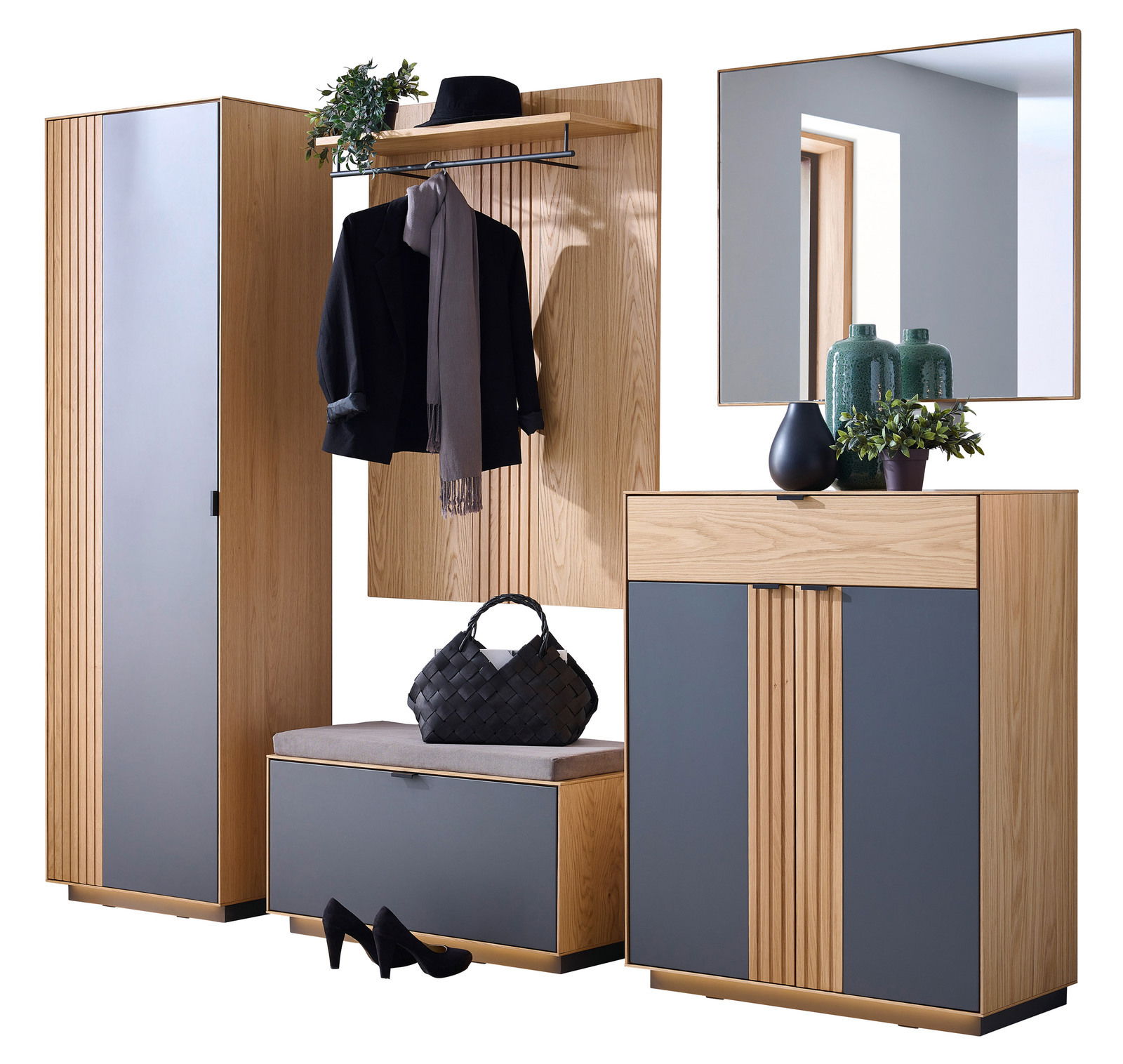 Garderobenkombination TIMOUR - Funktionalität trifft Natürlichkeit Die Waldwelt Garderobenkombination TIMOUR überzeugt nicht nur durch ihr ansprechendes Design, sondern auch durch ihre Funktionalität. Mit Türen und Schubladen versehen, bietet sie ausreichend Platz für Jacken, Schuhe und Accessoires. Das teilmassive Material garantiert Langlebigkeit und Stabilität, während das Rillenprofil der Fronten einen besonderen optischen Reiz bietet. Die Kombination aus Asteiche und grauen Akzenten verleiht Ihrem Flur eine stilvolle und gleichzeitig natürliche Note. Verleihen Sie Ihrem Eingangsbereich einen Hauch von Eleganz und bestellen Sie die Garderobenkombination TIMOUR noch heute!
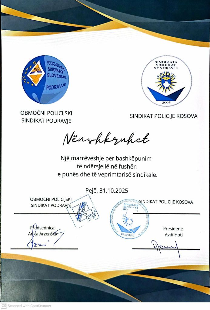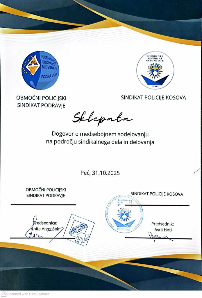 Si rezultat i përkushtimit të përbashkët për avancimin e të drejtave, dinjitetit dhe profesionalizmit të punonjësve të policisë, u nënshkrua Marrëveshja e Bashkëpunimit Ndërkombëtar ndërmjet Sindikatës së Policisë së Kosovës (SPK) dhe Sindikatës së Policisë së Sllovenisë – OPS Podravje. Kjo marrëveshje shënon një moment të rëndësishëm historik për fortësimin e lidhjeve sindikale dhe zhvillimin e kapaciteteve profesionale në nivel ndërkombëtar.
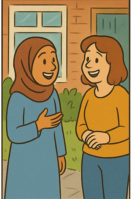 Laat haar een kort dialoogje schrijven of inspreken over een burensituatie (bijv. via WhatsApp-bericht of voice note in de klas). Dit versterkt ook de actieve productie
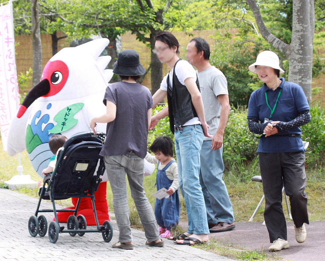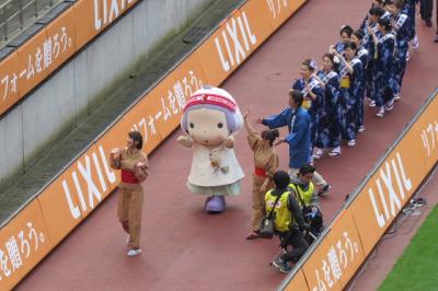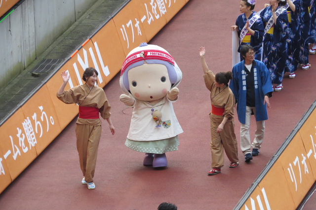 試合終了後、潮来市のゆるキャラ「あやめちゃん」が観客席に愛想を振りまいていました。- 旅行時期
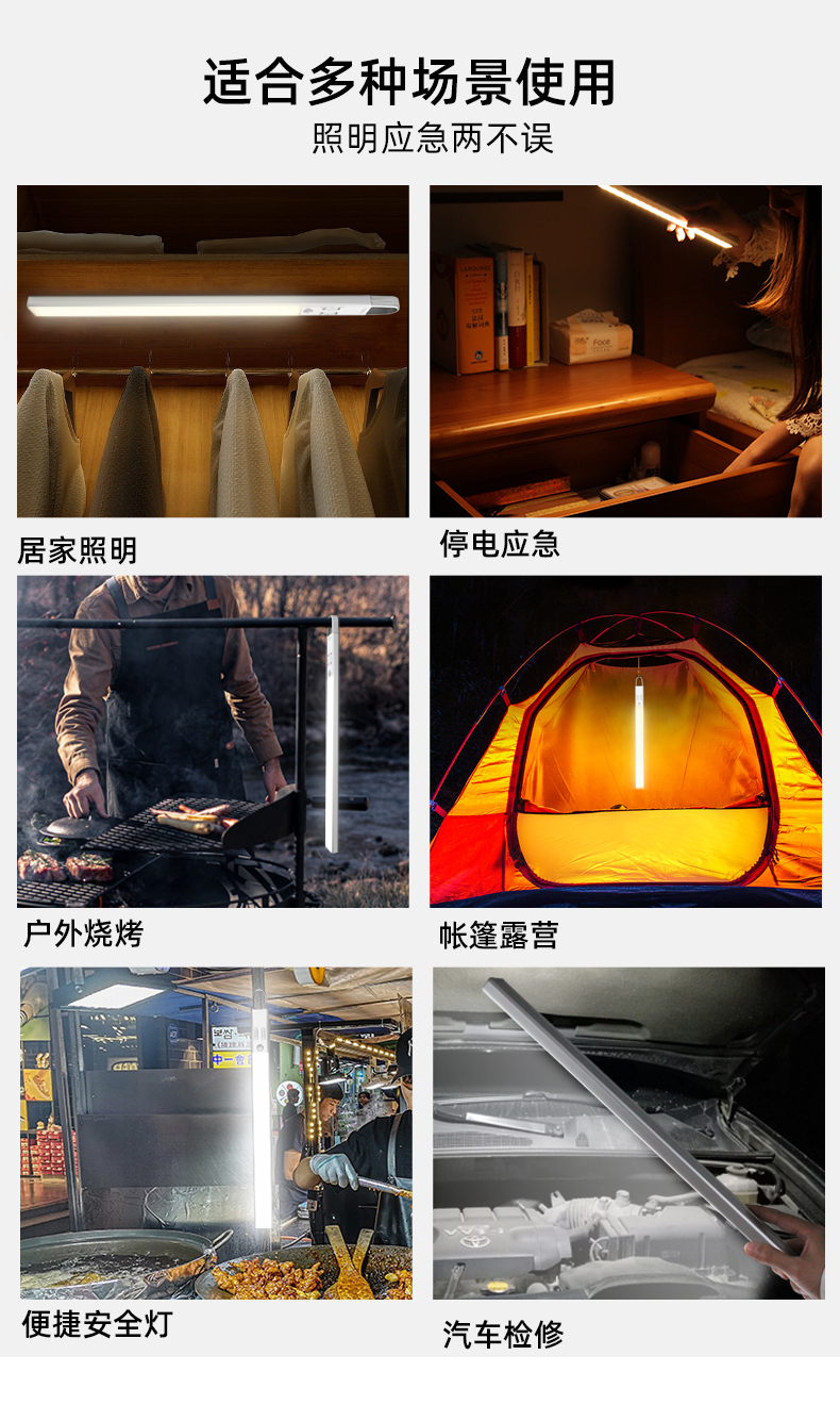 TDL-6113拓迪室内人体感应橱柜灯 户外智能野营灯LED充电衣柜灯长条磁吸挂式灯
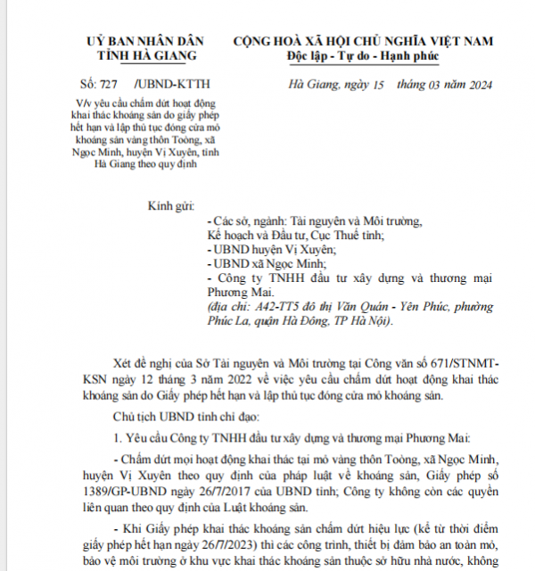 Cụ thể, Thường trực Ủy ban Nhân dân tỉnh Hà Giang yêu cầu Công ty Trách nhiệm Hữu hạn Đầu tư Xây dựng và Thương mại Phương Mai (địa chỉ A42-TT5 đô thị Văn Quán, Yên Phúc, phường Phúc La, Quận Hà Đông, Hà Nội) chấm dứt mọi hoạt động khai thác tại mỏ vàng thôn Toòng, xã Ngọc Minh, huyện Vị Xuyên theo quy định của pháp luật về khoáng sản, Giấy phép số 1389/GP-UBND ngày 26/7/2017 của Ủy ban Nhân dân tỉnh Hà Giang; Công ty không còn các quyền liên quan theo quy định của Luật khoáng sản.
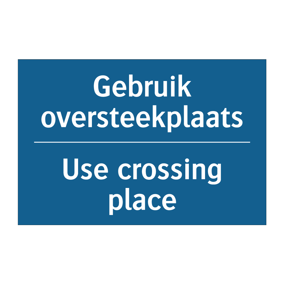 Verplichte bord met de tekst Gebruik oversteekplaats - Use crossing place
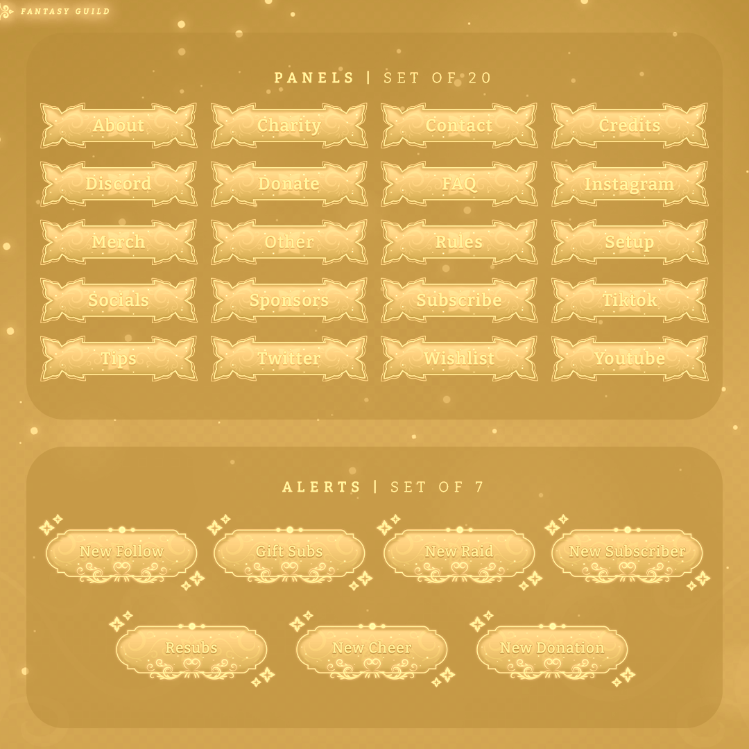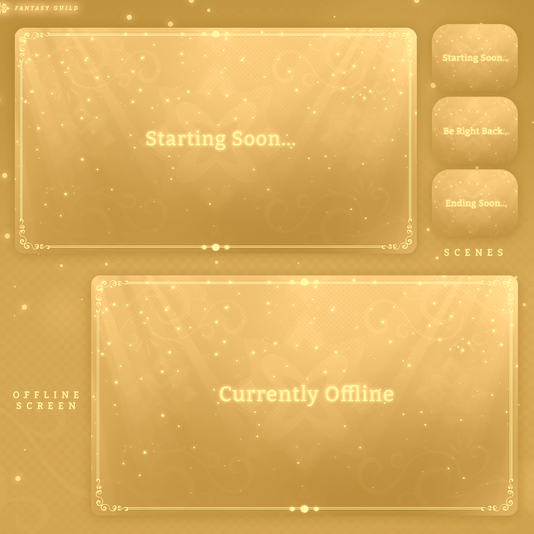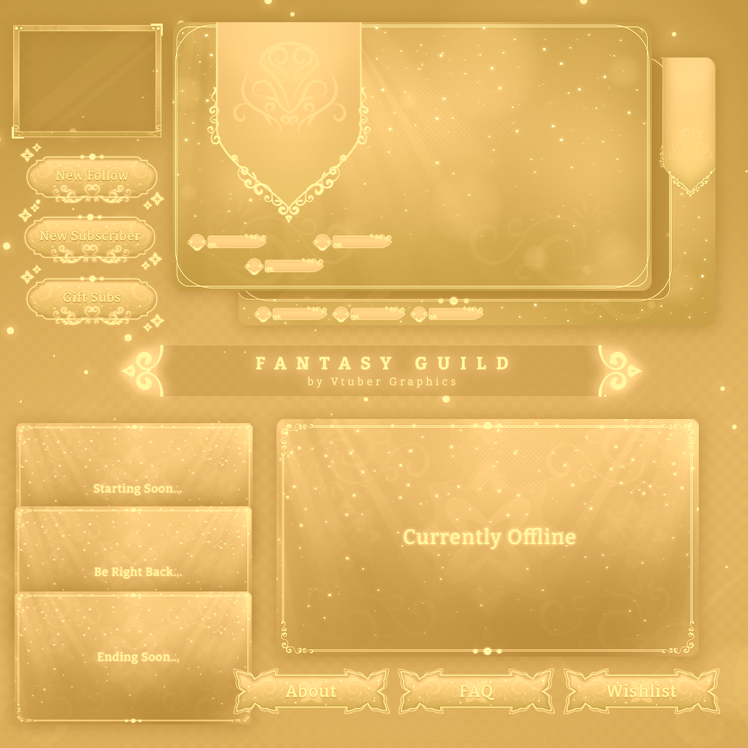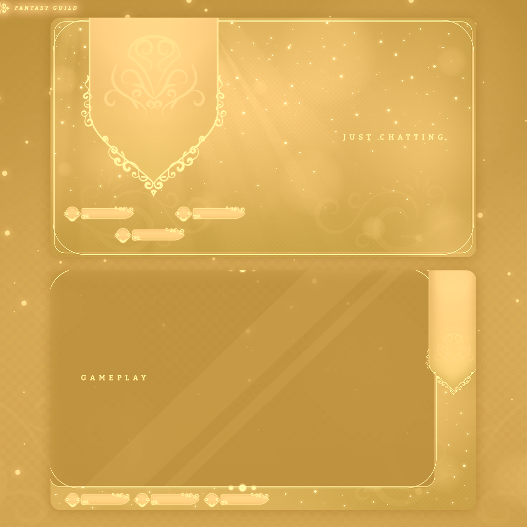 Level up your streaming game with the Fantasy Guild Stream Package! This MMORPG-inspired graphics pack is perfect for creating a mystical atmosphere for your Twitch streams. With royal colors and gold accents, we were inspired by our favorite RPG games to create this package. Digital download is available for immediate use upon checkout. Let the adventures begin!
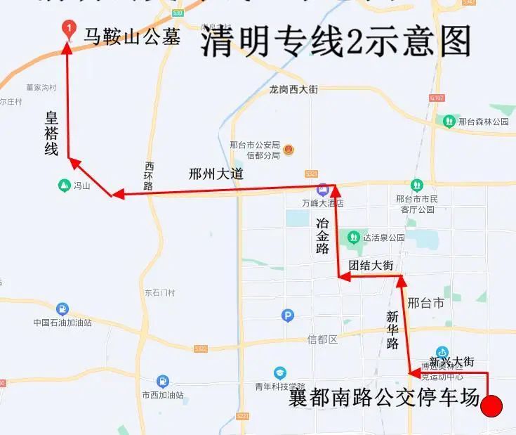 线路走向:襄都南路停车场出发,途径襄都路、新兴大街、新华路、团结大街、冶金路、邢州大道、皇褡线至马鞍山公园。
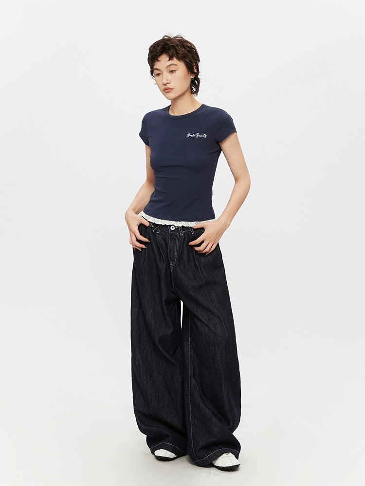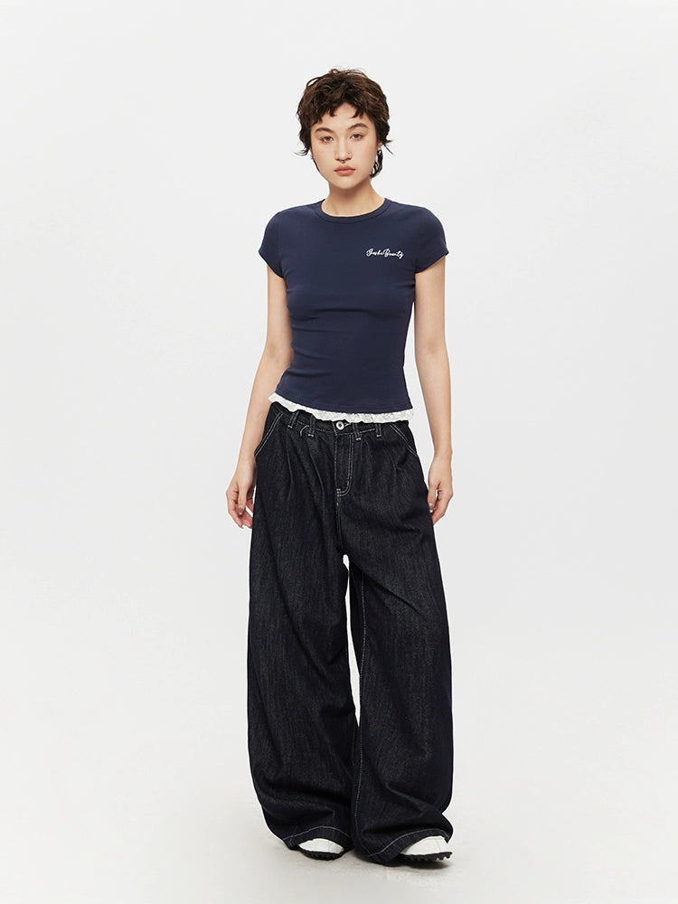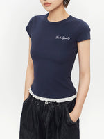 Dantel Kenar Fitili Kısa Kollu Yüksek Yaka
------------------------------------------------------------
# WORK REQUIRED
In the listing above, find the line with "Laat haar een" and output every line through the one with "TDL-6113拓迪室内人体", exactly, without the pictures.

# SOLUTION TO THIS PROBLEM
 Laat haar een kort dialoogje schrijven of inspreken over een burensituatie (bijv. via WhatsApp-bericht of voice note in de klas). Dit versterkt ook de actieve productie
 試合終了後、潮来市のゆるキャラ「あやめちゃん」が観客席に愛想を振りまいていました。- 旅行時期
 TDL-6113拓迪室内人体感应橱柜灯 户外智能野营灯LED充电衣柜灯长条磁吸挂式灯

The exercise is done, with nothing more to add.